The island is separated from the Boothia Peninsula by the James Ross Strait to the northeast, and the Rae Strait to the east. To the west is the Victoria Strait and beyond it Victoria Island. Within the Simpson Strait, to the south of the island, is Todd Island, and beyond it, further to the south, is the Adelaide Peninsula.
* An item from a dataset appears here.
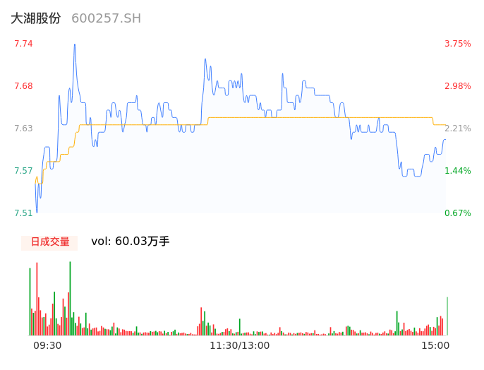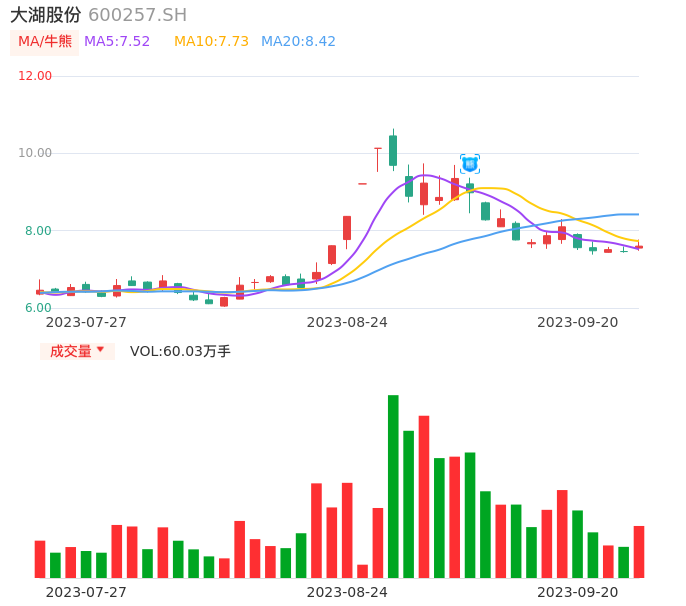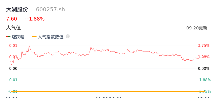 09月20日,大湖股份收报7.60,股价涨幅1.88%,成交金额4.58亿元,换手率12.47%。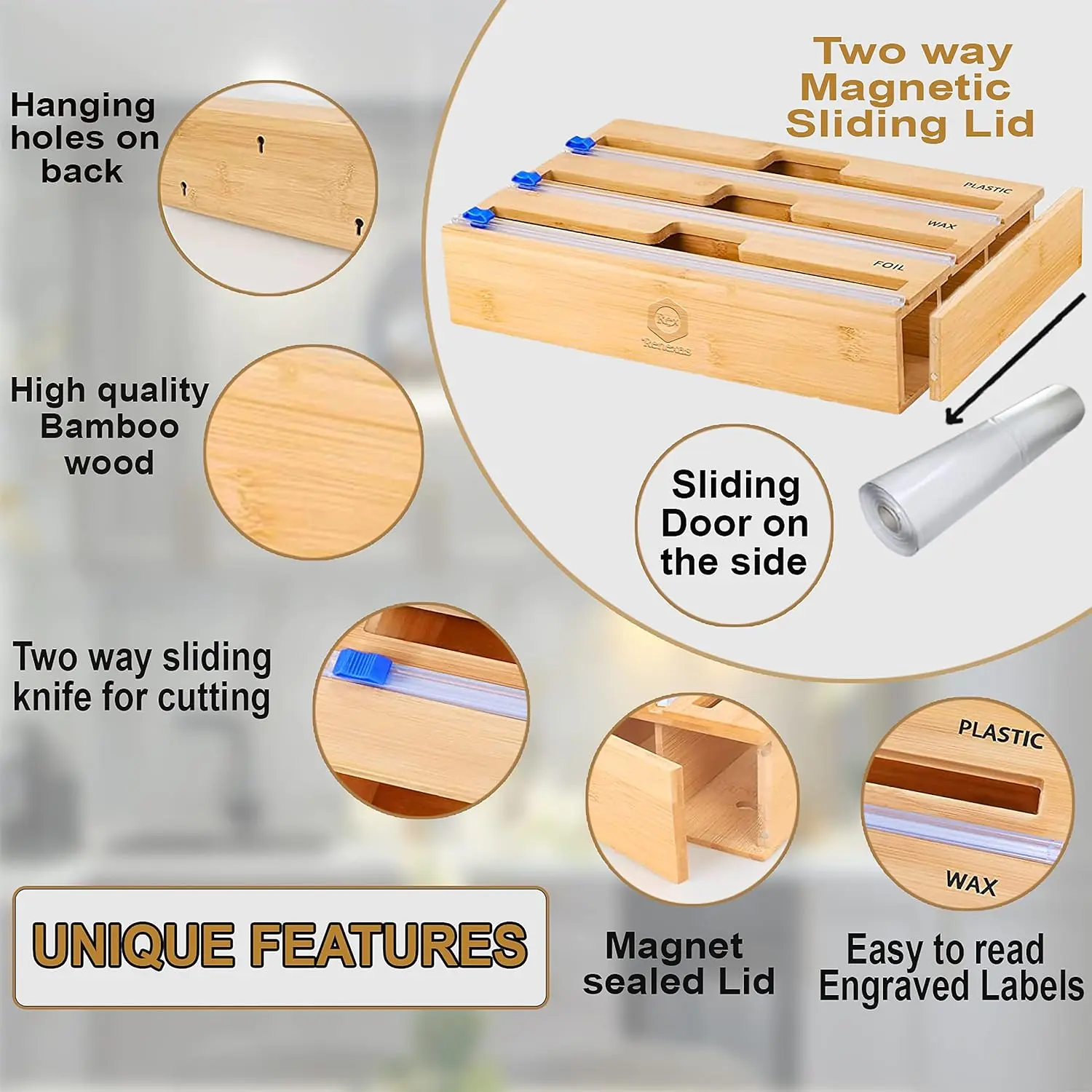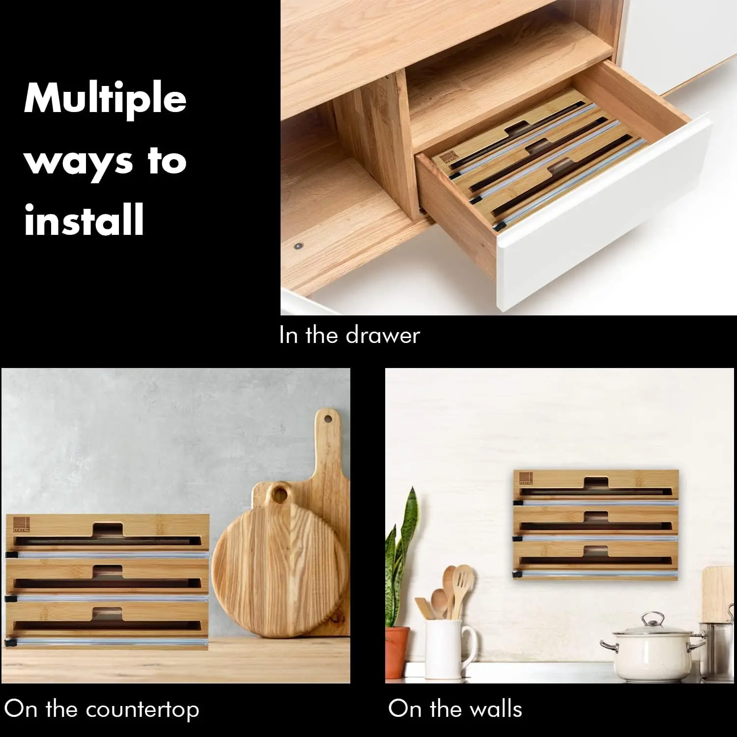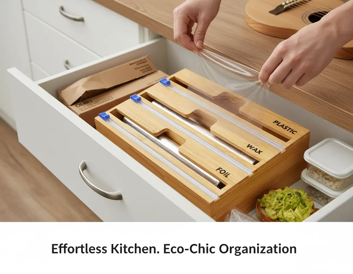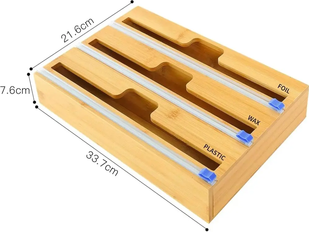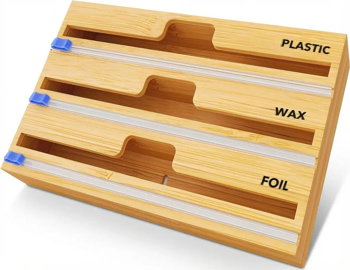 ·3-in-1 Wrap Organizer: Efficiently store aluminum foil, plastic wrap, and wax paper in one compact bamboo dispenser, perfect for keeping your kitchen organized and clutter-free.

Queen Maud Gulf lies to the southwest.
Some places on the coast are: (counter clockwise from the northern tip) Cape Felix, Victory Point and Gore Point at the mouth of Collinson Inlet, Point Le Vesconte, Erebus Bay, Cape Crozier, (south side) Terror Bay, Irving Islands, Washington Bay, Cape Herschel, Gladman Point, entrance to Simpson Strait, Todd Islets, (east side) Gjoa Haven, Matheson Peninsula, Latrobe Bay, Cape Norton at mouth of Peel Inlet, Matty Island, Tennent Islands, Clarence Islands, Cape Felix.

==Wildlife==
The island is known for its large populations of barren-ground caribou, which summer there before migrating in the autumn by walking south over the sea ice.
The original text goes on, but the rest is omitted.